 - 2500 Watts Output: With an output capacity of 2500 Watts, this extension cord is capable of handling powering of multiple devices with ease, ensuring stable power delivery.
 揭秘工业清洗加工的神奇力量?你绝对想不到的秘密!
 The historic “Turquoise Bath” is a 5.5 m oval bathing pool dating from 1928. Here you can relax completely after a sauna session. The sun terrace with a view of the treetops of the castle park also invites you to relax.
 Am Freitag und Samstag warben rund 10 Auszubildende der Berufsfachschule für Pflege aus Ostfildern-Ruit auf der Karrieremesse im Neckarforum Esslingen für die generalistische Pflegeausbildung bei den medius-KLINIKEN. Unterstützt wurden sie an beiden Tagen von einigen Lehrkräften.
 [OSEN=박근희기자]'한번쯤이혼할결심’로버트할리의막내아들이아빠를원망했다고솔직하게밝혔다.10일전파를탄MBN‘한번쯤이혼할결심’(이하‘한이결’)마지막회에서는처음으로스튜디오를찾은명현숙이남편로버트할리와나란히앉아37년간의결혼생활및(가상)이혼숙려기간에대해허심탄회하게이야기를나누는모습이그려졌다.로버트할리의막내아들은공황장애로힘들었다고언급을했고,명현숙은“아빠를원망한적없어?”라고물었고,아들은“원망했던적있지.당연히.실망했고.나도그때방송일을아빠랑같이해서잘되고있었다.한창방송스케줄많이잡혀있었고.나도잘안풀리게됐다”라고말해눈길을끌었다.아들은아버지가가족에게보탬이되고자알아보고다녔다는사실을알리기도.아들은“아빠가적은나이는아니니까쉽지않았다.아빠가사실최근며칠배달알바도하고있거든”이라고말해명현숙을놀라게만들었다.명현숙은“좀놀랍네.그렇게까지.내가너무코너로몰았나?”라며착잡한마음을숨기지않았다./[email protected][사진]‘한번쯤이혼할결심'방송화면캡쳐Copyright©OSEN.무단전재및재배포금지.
◇ ◇ ◇
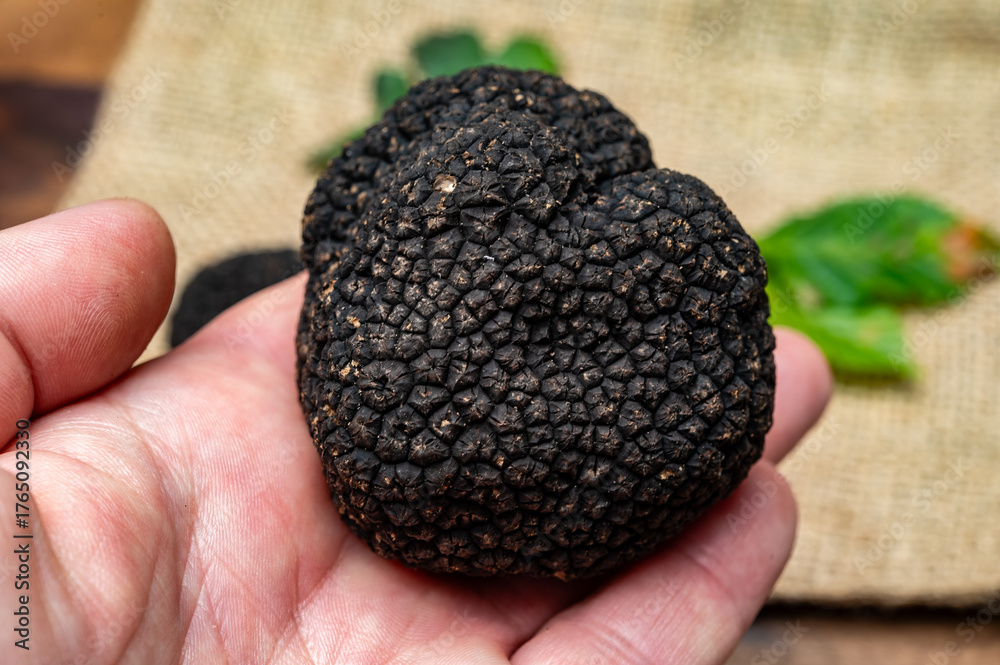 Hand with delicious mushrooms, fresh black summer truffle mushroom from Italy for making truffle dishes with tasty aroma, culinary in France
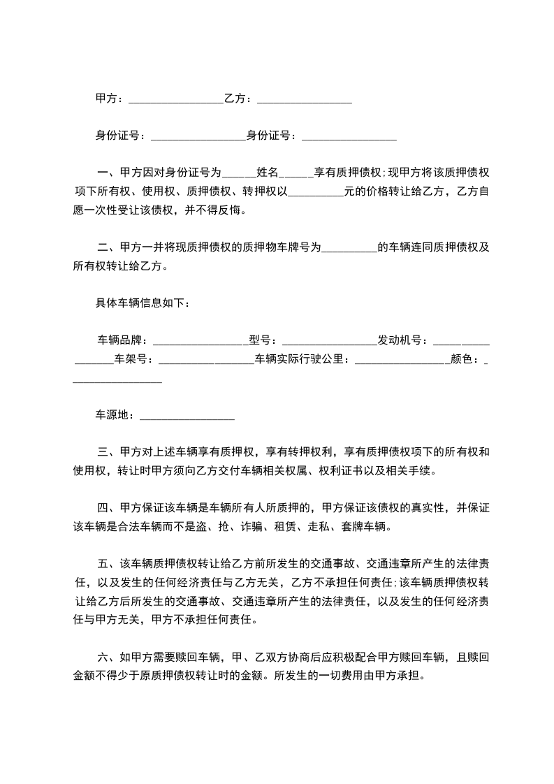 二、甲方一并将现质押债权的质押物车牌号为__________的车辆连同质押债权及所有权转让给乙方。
◇ ◇ ◇
## Problem to work on
Using the data above, transcribe the lines that run from the line with "揭秘工业清洗加工的神奇力量?你绝对想不到的秘密!" to the line with "Am Freitag und", both ends kept, and output nothing else.

## Exercise solution
 揭秘工业清洗加工的神奇力量?你绝对想不到的秘密!
 The historic “Turquoise Bath” is a 5.5 m oval bathing pool dating from 1928. Here you can relax completely after a sauna session. The sun terrace with a view of the treetops of the castle park also invites you to relax.
 Am Freitag und Samstag warben rund 10 Auszubildende der Berufsfachschule für Pflege aus Ostfildern-Ruit auf der Karrieremesse im Neckarforum Esslingen für die generalistische Pflegeausbildung bei den medius-KLINIKEN. Unterstützt wurden sie an beiden Tagen von einigen Lehrkräften.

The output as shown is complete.